United States Court of Appeals, Tenth Circuit

September 15, 2015

B.S.C. HOLDING, INC. and LYONS SALT COMPANY, Plaintiffs-Appellants,

D.C. No. 2:11-CV-02252-EFM (D. of Kan.)

Before TYMKOVICH, EBEL, and GORSUCH, Circuit Judges.



B.S.C. Holding and Lyons Salt Company (collectively BSC) appeal the district court's dismissal of their claims against Lexington Insurance, the insurer of the Lyons Salt Mine. The Lyons Salt Mine is a Kansas facility that experienced a large inflow of water beginning in 2008, which was eventually attributed to an abandoned surface gas well.

BSC argues that the district court erred in dismissing its case based on an insurance policy provision requiring all suits be commenced within twelve months of the discovery of the underlying loss or series of losses. It argues that the district court made two errors in reaching its conclusion. First, BSC contends that Kansas law prohibits the enforcement of suit-limitation provisions unless the insurer can show it was prejudiced by the plaintiff's failure to file a timely suit. Although Kansas applies a prejudice requirement when plaintiffs fail to comply with notice-of-loss provisions, we decline to extend the prejudice requirement to cases involving suit-limitation provisions.
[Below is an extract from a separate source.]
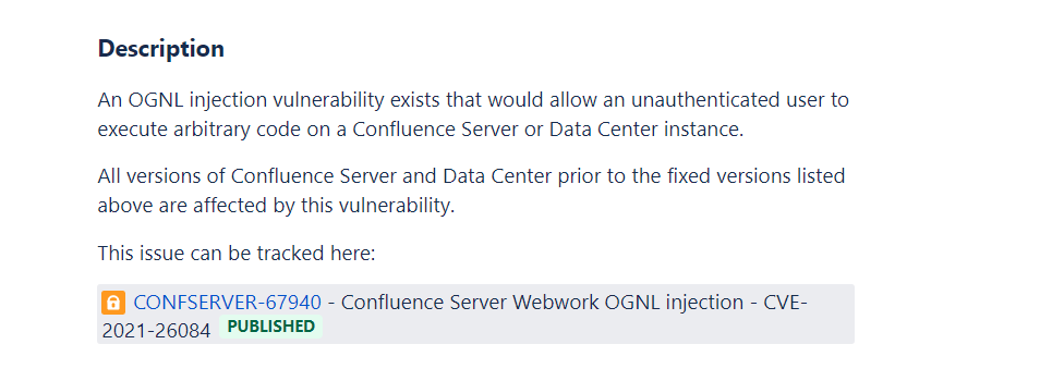 μν₯μ λ°λ λ²μ μ Confluence Server λ° Data Centerμλ μΈμ¦λ μ¬μ©μμ κ²½μ°μ λ°λΌ μΈμ¦λμ§ μμ μ¬μ©μκ° Confluenceλλ Data Center μΈμ€ν΄μ€μμ html νλλ₯Ό λμμΌλ‘ μμμ μ½λλ₯Ό μ€νν μ μλ OGNL μΈμ μ μ ν μ μμ΅λλ€.
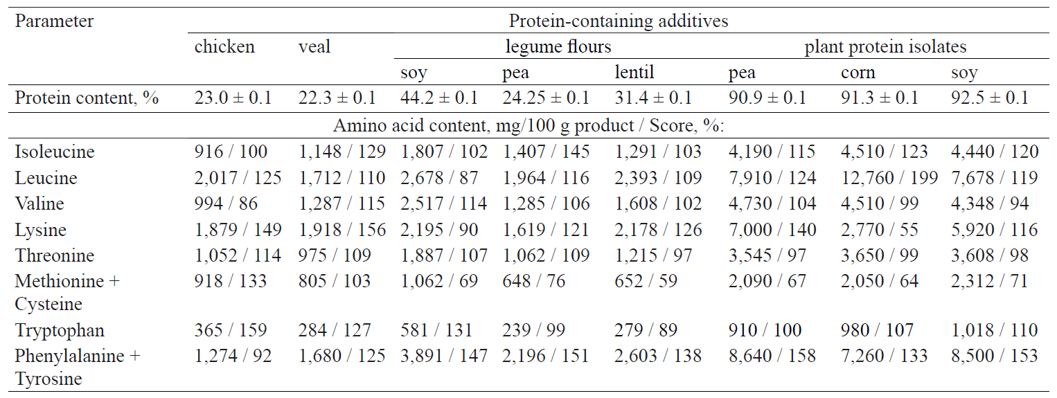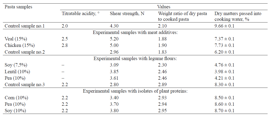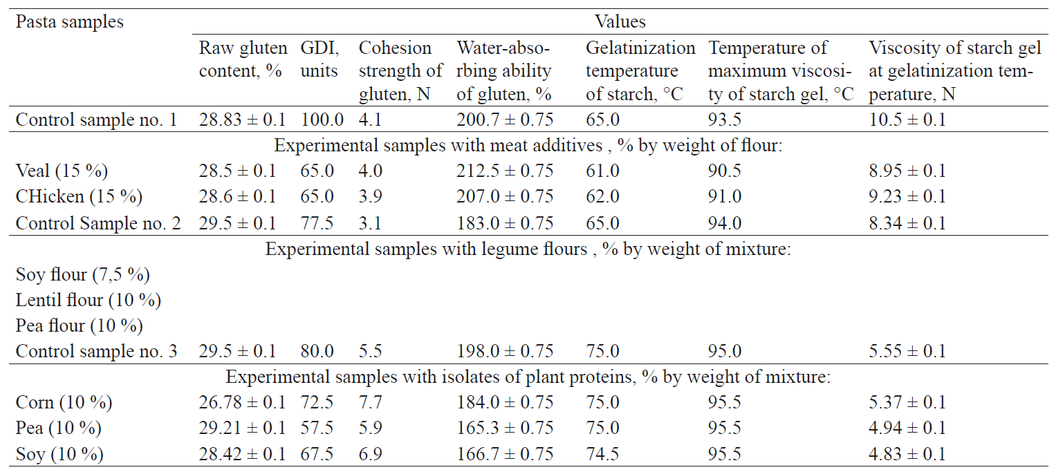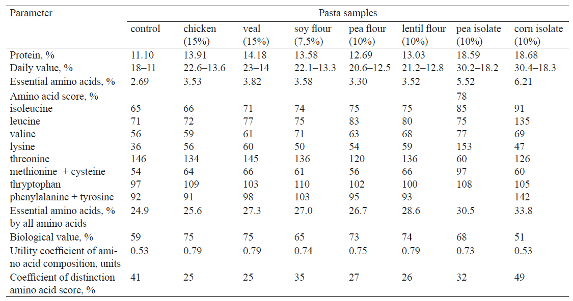 The present work includes results on enrichment of pasta, a mass-consumption product, with protein. Meat products, legume (Leguminosae L.) flour and plant protein isolates were used as protein-containing additives. The content of protein and essential amino acids in the additives makes them promising for improving the biological value of pasta. We studied effects of the additives on raw gluten and wheat flour starch properties, pasta dough rheological characteristics, and finished product quality. As a result, the following optimal amounts of the additives were established: 15% by weight of flour for meat, 10% by weight of the mixture for pea and lentil flour as well as plant isolates, and 7.5% by weight of the mixture for soy flour. The enriching components added in pasta dough were found to have a positive effect on pasta quality. These increased protein content by 1.59–8.19%, biological value by 6–16%, utility coefficient of amino acid composition by 0.2–0.26, protein digestibility by pepsin by 11–24%, and daily protein intake level by 31.4–12.5%.

Second, BSC argues the district court erred in finding the limitation period expired before it brought its suit. BSC contends that the limitation period should not have begun until it understood the causes that led to the flooding of the mine. Under the provisions of the insurance policy, BSC had an obligation to bring suit within twelve months of any event leading to direct physical loss. Although there may be cases where a plaintiff needs to know the cause of seemingly uncovered damage in order to discover that he may be dealing with a covered loss, this is not such a case.

Exercising jurisdiction under 28 U.S.C. 1291, we AFFIRM.

I. Background

BSC Holding is the sole shareholder of Lyons Salt Company, the operator of the Lyons Salt Mine. Beginning in 2002, BSC purchased from Lexington Insurance a series of annual all-risk insurance policies covering the property.

In late 2004, BSC first learned of problems with the mine. At that time, it discovered the space between the floor and ceiling in a section of the mine was contracting at an abnormally high rate. The problem reoccurred again in April of 2005 and again a few months after that. In September 2005, a consultant informed BSC that water may enter the mine due to the abnormal closure rates and that this could be a "huge problem." App., Vol. 6 at 1489. By December 2006, one portion of the mine had closed from an original height of 16.5 feet to 4.5 feet. At this point BSC began considering a number of remedies, including construction of an underground bulkhead to seal off the area. They also began performing backfilling in the area.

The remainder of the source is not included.